**Exercise data**
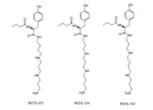 PhTX-433 was structurally elucidated and synthesized in 1988 by Eldefrawi and colleagues. For the isolation and structural identification of PhTX-433 female wasp venom glands were fractionated using reverse-phase HPLC and fractions were tested for pharmacological activity. The most pharmacologically active sample was re-fractioned using the same method. UV spectrum and H1NMR analysis revealed that the structure consisted of a butyrl/tyrosil/polyamine sequence. Three isomers, PhTX-433, PhTX-343, and PhTX-334 (see image at upper right of this section), were determined to be possible candidate structures and all three were synthesized. PhTX-433 was found to be identical to the natural product isolated from the fractionalization in terms of H1NMR, mass spectrometry, HPLC, and biological activity. PhTX-433 was therefore designated as the structure of the most biologically active naturally occurring philanthotoxin.[15] Because PhTX-433 lacks strong receptor subtype selectivity, a variety of analogs have been synthesized as candidates for potential pharmacological exploitation.[10] Philanthotoxins have four distinct regions that can be modified (see image at lower right of this section); the number of nitrogens in the polyamine chain is the most common distinction between synthetic analogs.[10] The most commonly synthesized and studied analogue is PhTX-343, which has similar properties to PhTX-433.[10] Notably, philanthoxin and its synthetic analogues are smaller than similar polyamine toxins form orb-web spider venoms and argiotoxins, and are easier to synthesize.[15]
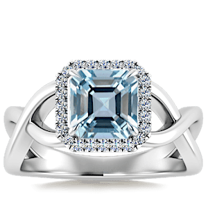 1.73ct Aquamarine set in Halo Vined Natural Diamond Ring
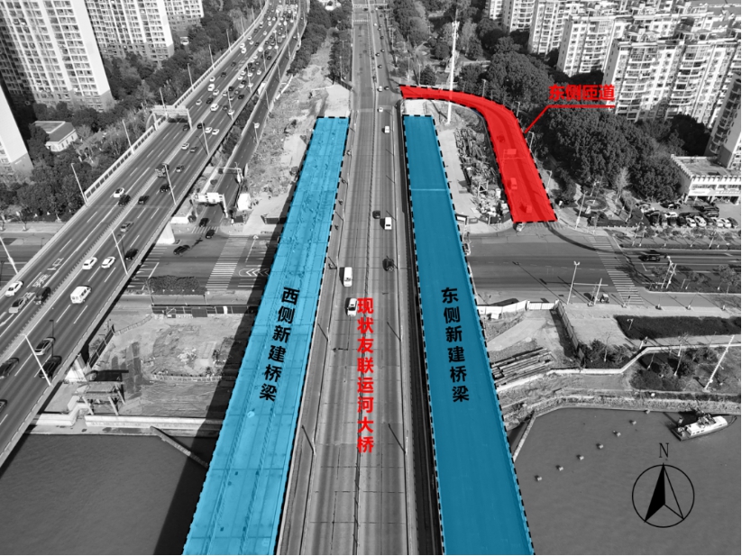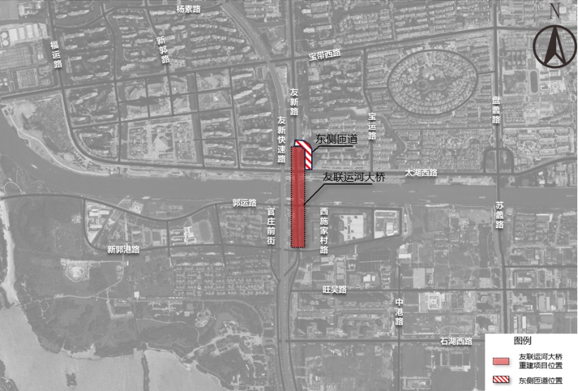 友联运河大桥拆除重建工程项目北起宝带西路、南至新郭港路,横跨京杭大运河,路线全长约915米。目前友联运河大桥结构状况等级被评定为E级,需拆除重建,建成后拓宽为双向六车道,将有效缓解周边交通压力。由于新建桥梁与现状路面存在高差,桥头抬高后纵坡已不满足非机动车与行人通行条件,需对连接太湖西路与友新路的东侧匝道进行整体改造施工。

**Task to carry out**
Each line from the one containing "1.73ct Aquamarine set" through the last line of the listing must be copied exactly, and the pictures must not be.

**Exercise solution**
 1.73ct Aquamarine set in Halo Vined Natural Diamond Ring
 友联运河大桥拆除重建工程项目北起宝带西路、南至新郭港路,横跨京杭大运河,路线全长约915米。目前友联运河大桥结构状况等级被评定为E级,需拆除重建,建成后拓宽为双向六车道,将有效缓解周边交通压力。由于新建桥梁与现状路面存在高差,桥头抬高后纵坡已不满足非机动车与行人通行条件,需对连接太湖西路与友新路的东侧匝道进行整体改造施工。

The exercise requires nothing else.